Thanks guys - I think the best solution is to just move them to hosted exchange and avoid this whole issue. $5/mo is way cheaper than fighting to raise their reputation, an uphill battle with Comcast, I'm sure. So I clearly misunderstood that their service vendor (comcast) had much bearing on their reputation if they were using domain email on a webhost.

BTW, if you do an nslookup on mailstore1.secureserver.net, 3 IPs return.

72.167.238.32
68.178.213.243
68.178.213.244

Both the 2nd and 3rd IP listed come up as on the SpamCannibal blacklist when checked on MxToolbox. I don't think this is relevant to the current problem, but surely it's still a problem, yes?

They do NOT have an SPF record, so I think I'll add one if we can't migrate right away to hosted exchange.

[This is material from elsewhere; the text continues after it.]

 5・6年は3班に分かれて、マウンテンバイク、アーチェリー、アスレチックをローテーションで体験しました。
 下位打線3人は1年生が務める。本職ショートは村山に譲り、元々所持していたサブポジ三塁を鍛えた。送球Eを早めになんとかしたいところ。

Can someone discuss the relative merits of using something like:

"v=spf1 a mx include:secureserver.net ~all" ....which names the godaddy server explicitly and prohibits all others

as opposed to

"v=spf1 mx -all" ....which says (I think) all servers named in this domain's MX records are ok

It appears that both are functionally equivalent, but I'm no expert on the minutiae of SPF.

 

[nlinecomputers]

The ~ in the longer one is a softer requirement. -all is a firm no one else is allowed. ~all is maybe. Other than that they are the same as you mention.

 

[HCHTech]

The ~ in the longer one is a softer requirement. -all is a firm no one else is allowed. ~all is maybe.

Ok, I see - softfail vs. hardfail. This appears to be the definitive list of options, although lots of questions remain. For softfail, they list:

"The SPF record has designated the host as NOT being allowed to send but is in transition" as the explanation, and then in a column titled "Intended action" they have: "accept but mark"

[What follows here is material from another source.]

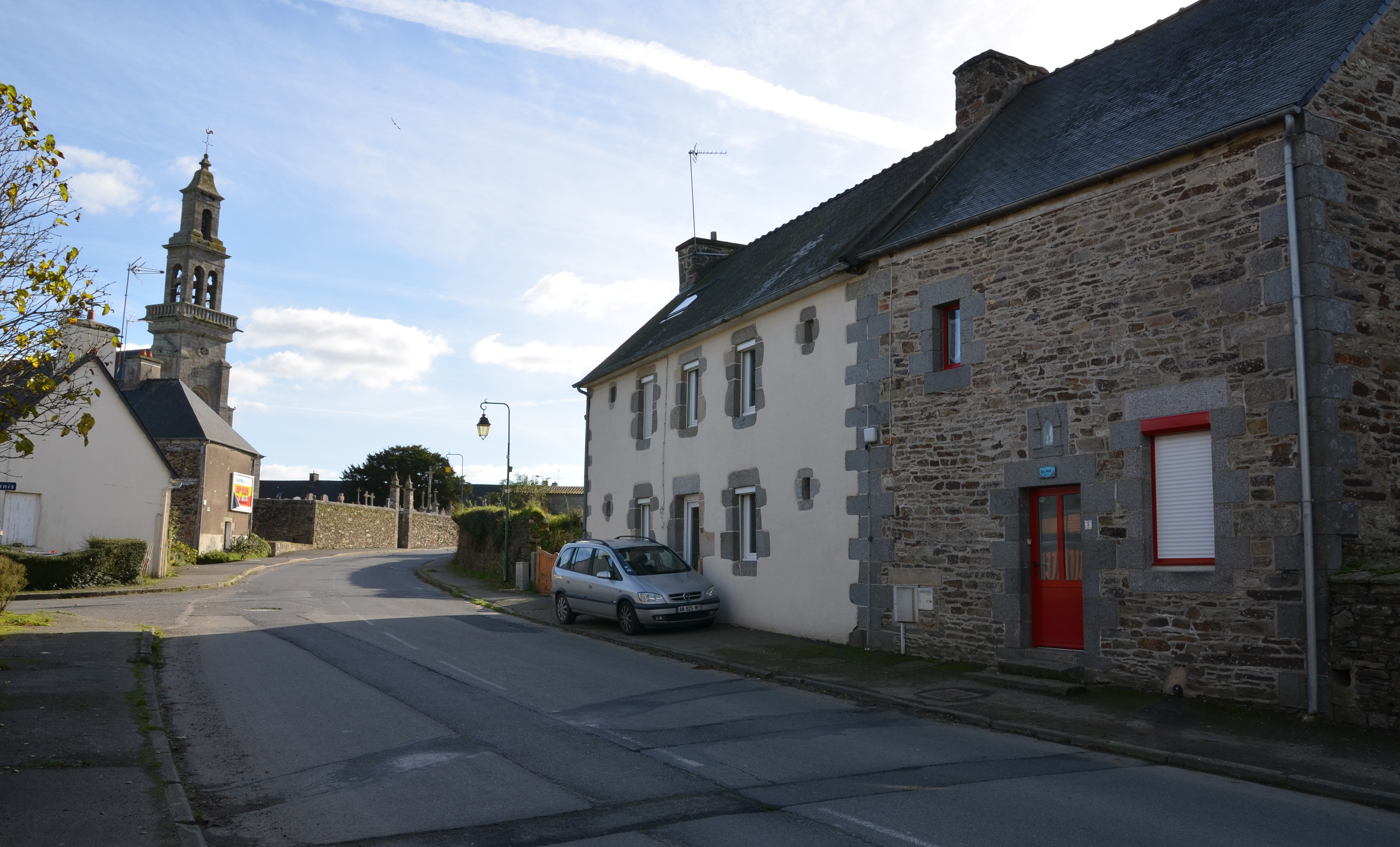 Langoat, le bourg (nord-ouest) : vue générale vers l'est-sud-est et l'église paroissiale depuis la rue Sainte-PompéeImmatriculation

In practice, will filters that score based on SPF records treat a softfail with more suspicion than a hardfail (I imagine yes)? I guess the "intended action" is not guaranteed to be the "actual action" taken by filters...

 

[nlinecomputers]

Not exactly. ~all on the end your record is a cleanup item. If you don't exactly match the previous part you end up at the end. SO if you have listed your MX record as valid and email is sent from an unlisted mail server then the all function decides how you declare it. ~all means that other email servers MIGHT be mine so you should mark as spam but allow in. -all means that you reject anything that didn't pass before.

v=spf1 mx -all says that my MX record listed is valid but every other server is considered a spam source

v=spf1 mx ~all says my MX record is valid but every other server MIGHT be considered a spam source or might not. If you mark as spam you might miss something from me.

 

[HCHTech]

Thanks, @nlinecomputers , that helps.